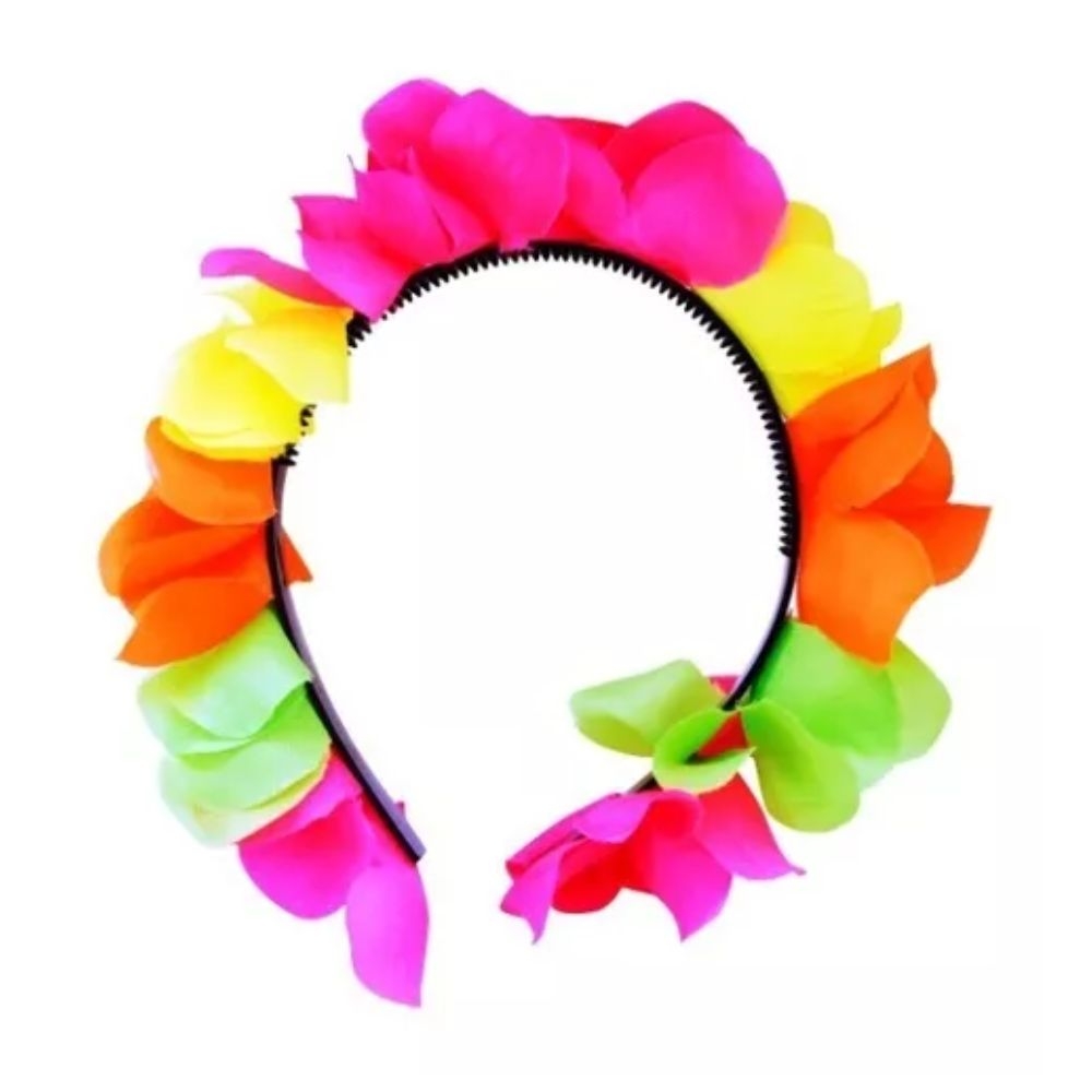 VINCHA DE FLORES HAWAI FLÚO MULTICOLOR
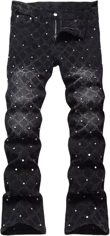 Size:Men's slim fit skinny stacked rhinestone jeans stretch fit distressed jeans for men, has different sizes,please refer to size chart in description, choose your normal size or one size up.
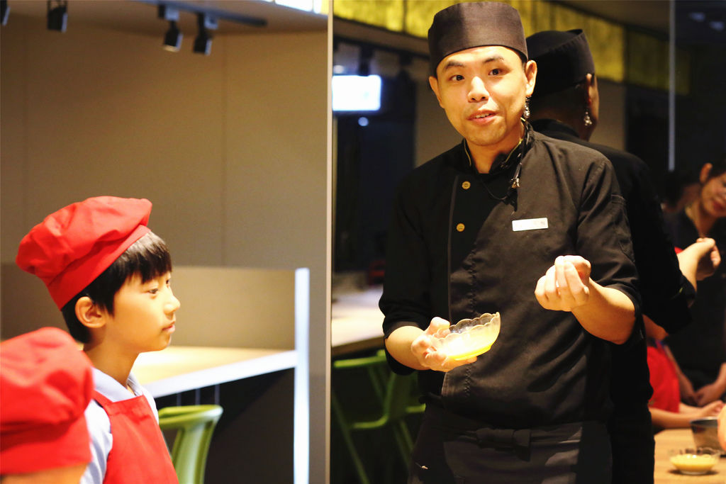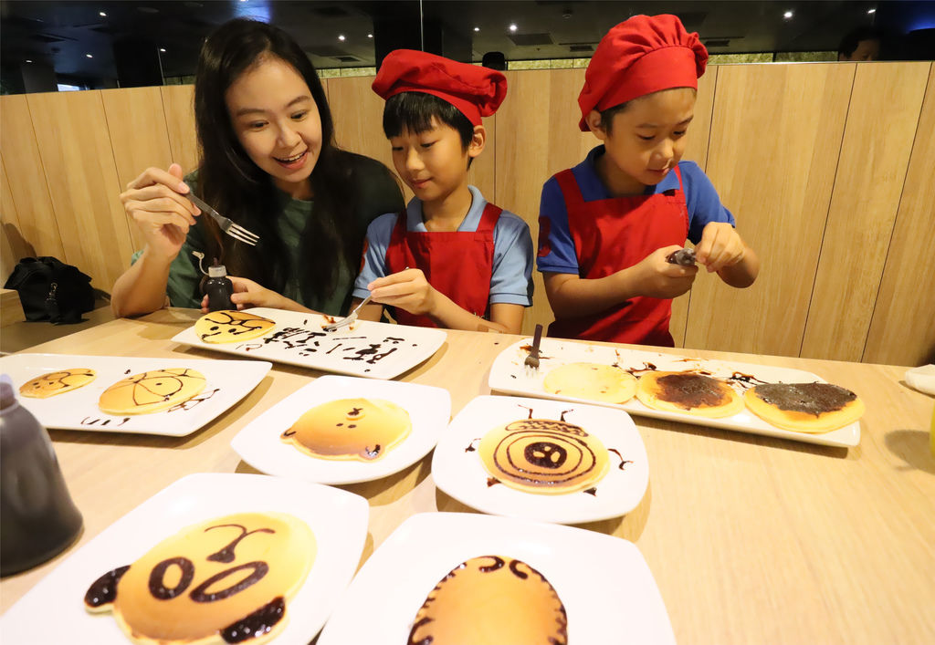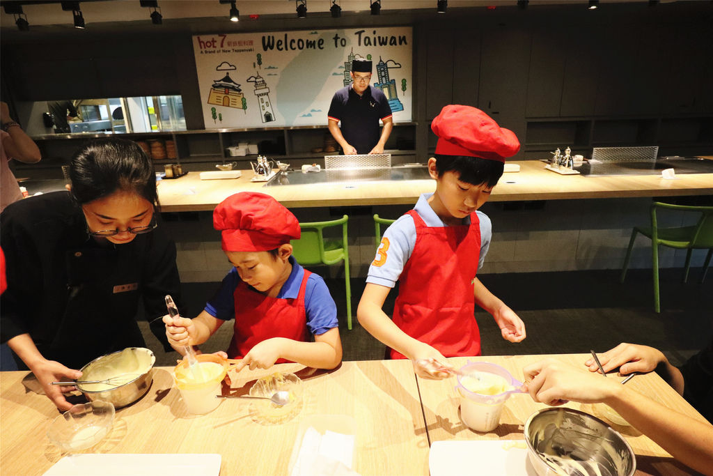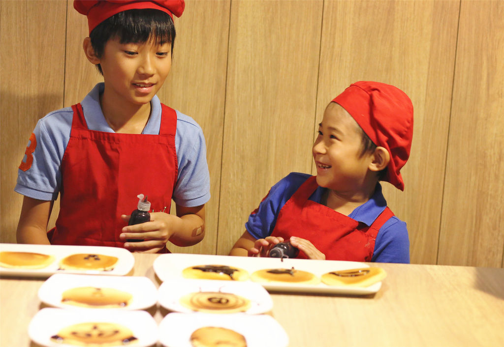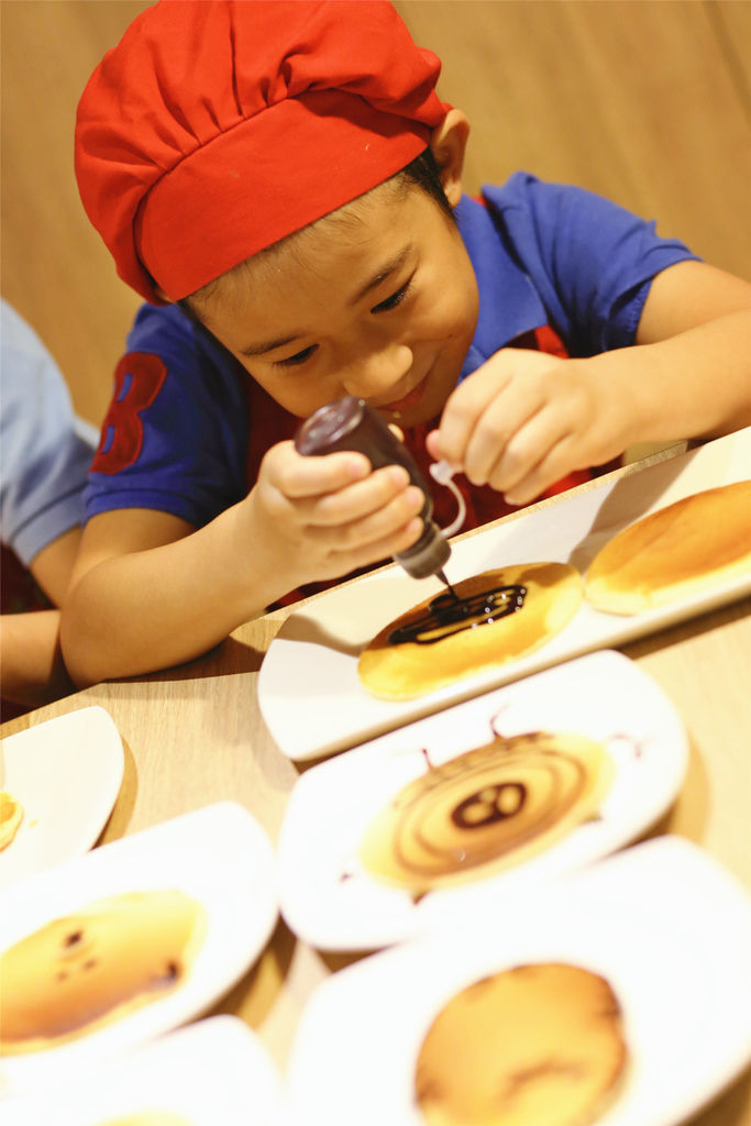 鐵板師傅們這時都化身成親切又有耐心的大哥哥大姊姊,細心指導小廚師們完成銅鑼燒製作的任務
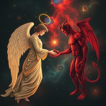 Kosmische Landschaft mit leuchtenden Planeten und Monden, die inmitten funkelnder Sterne kreisen, surreale Fan
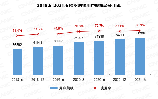 截至2021年6月,我國網(wǎng)絡購物用戶規(guī)模達8.12億,較2020年12月增長2965萬,占網(wǎng)民整體的80.3%。
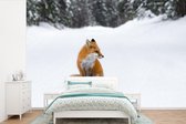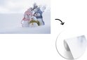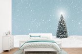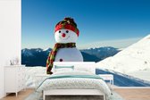 Papier peint Papier peint photo en vinyle - Une famille de poupées de Noël sur le paysage enneigé largeur 360 cm x hauteur 240 cm - Tirage photo sur papier peint (disponible en 7 tailles)
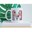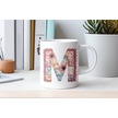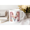 M Harfli Retro Çiçekli Kupa Bardak - Patchwork Tarz Yamalı Desenli İsme Özel Kupa - Hediye Beyaz
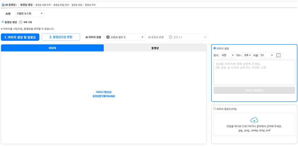 이미지를 새로 생성하거나 기존 이미지를 업로드하여 5초짜리 생생한 영상으로 변환할 수 있습니다.간단한 조작만으로 원하는 이미지를 움직이는 영상으로 만들고, 완성된 영상을 바로 다운로드하여 활용할 수 있습니다.
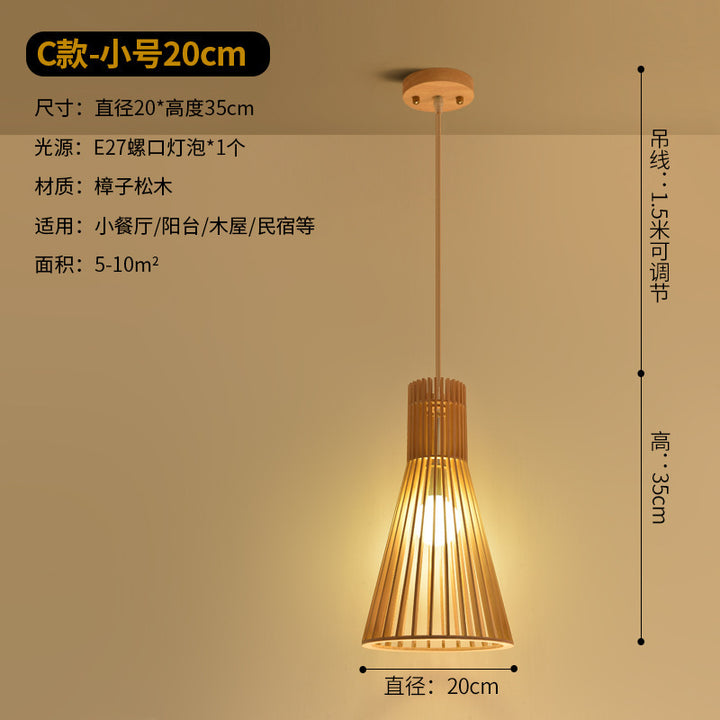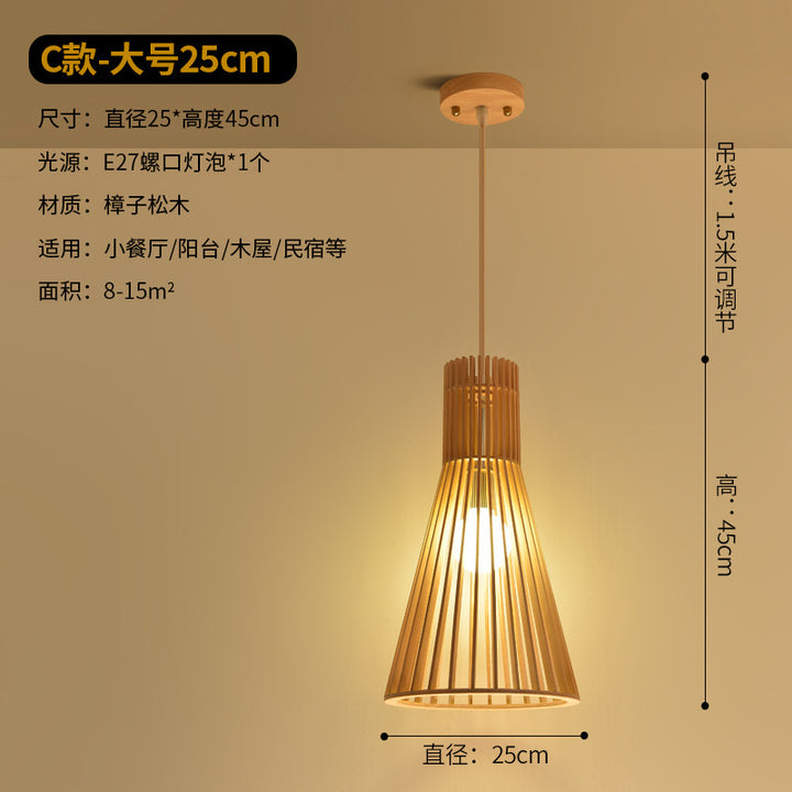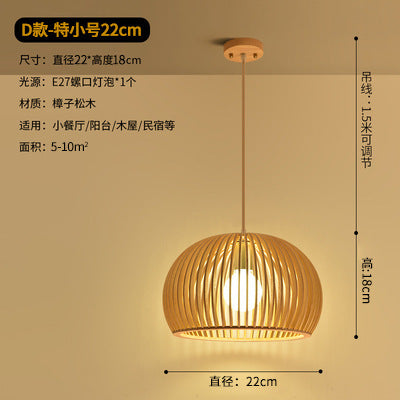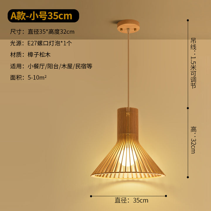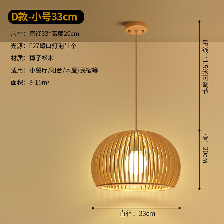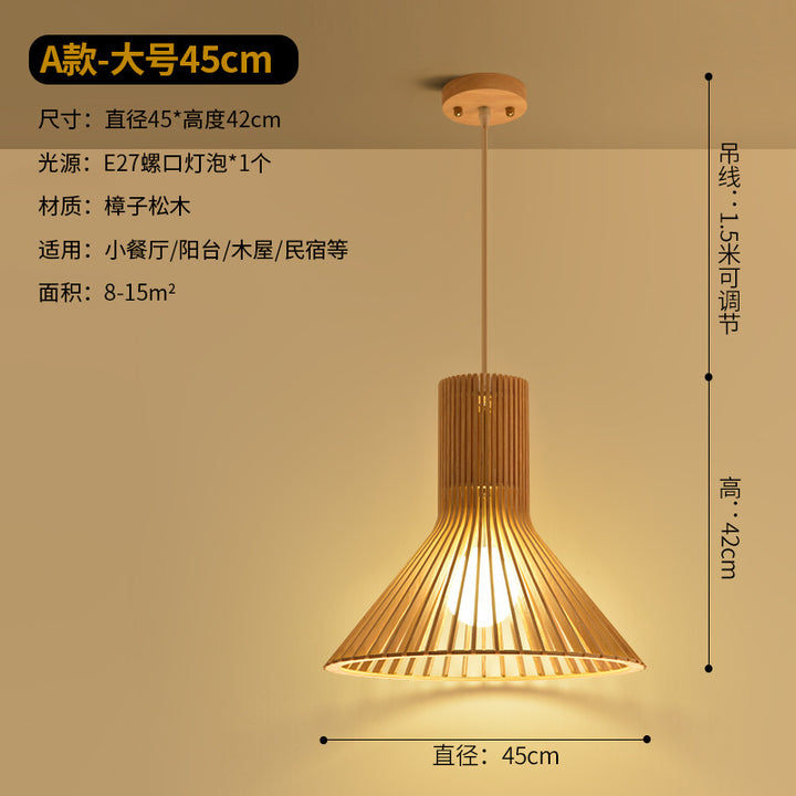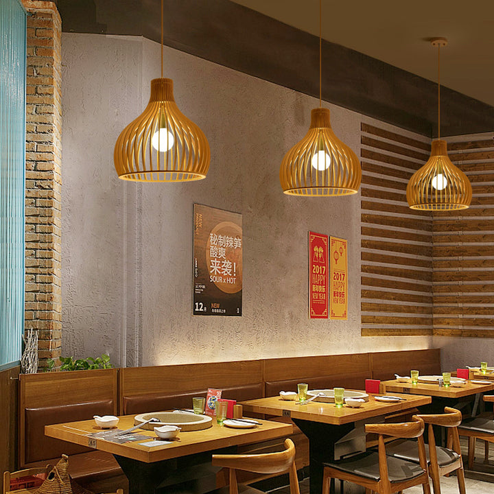 Modern Chinese restaurant living room solid wood chandelier creative birdcage hotel wood chandelier single head Japanese wooden lamps

--------------------------------

▸ REQUIRED ACTION:
The material is to be written out word for word, and the pictures are to be left out.

▸ REPLY:
 VINCHA DE FLORES HAWAI FLÚO MULTICOLOR
 Size:Men's slim fit skinny stacked rhinestone jeans stretch fit distressed jeans for men, has different sizes,please refer to size chart in description, choose your normal size or one size up.
 鐵板師傅們這時都化身成親切又有耐心的大哥哥大姊姊,細心指導小廚師們完成銅鑼燒製作的任務
 Kosmische Landschaft mit leuchtenden Planeten und Monden, die inmitten funkelnder Sterne kreisen, surreale Fan
 截至2021年6月,我國網(wǎng)絡購物用戶規(guī)模達8.12億,較2020年12月增長2965萬,占網(wǎng)民整體的80.3%。
 Papier peint Papier peint photo en vinyle - Une famille de poupées de Noël sur le paysage enneigé largeur 360 cm x hauteur 240 cm - Tirage photo sur papier peint (disponible en 7 tailles)
 M Harfli Retro Çiçekli Kupa Bardak - Patchwork Tarz Yamalı Desenli İsme Özel Kupa - Hediye Beyaz
 이미지를 새로 생성하거나 기존 이미지를 업로드하여 5초짜리 생생한 영상으로 변환할 수 있습니다.간단한 조작만으로 원하는 이미지를 움직이는 영상으로 만들고, 완성된 영상을 바로 다운로드하여 활용할 수 있습니다.
 Modern Chinese restaurant living room solid wood chandelier creative birdcage hotel wood chandelier single head Japanese wooden lamps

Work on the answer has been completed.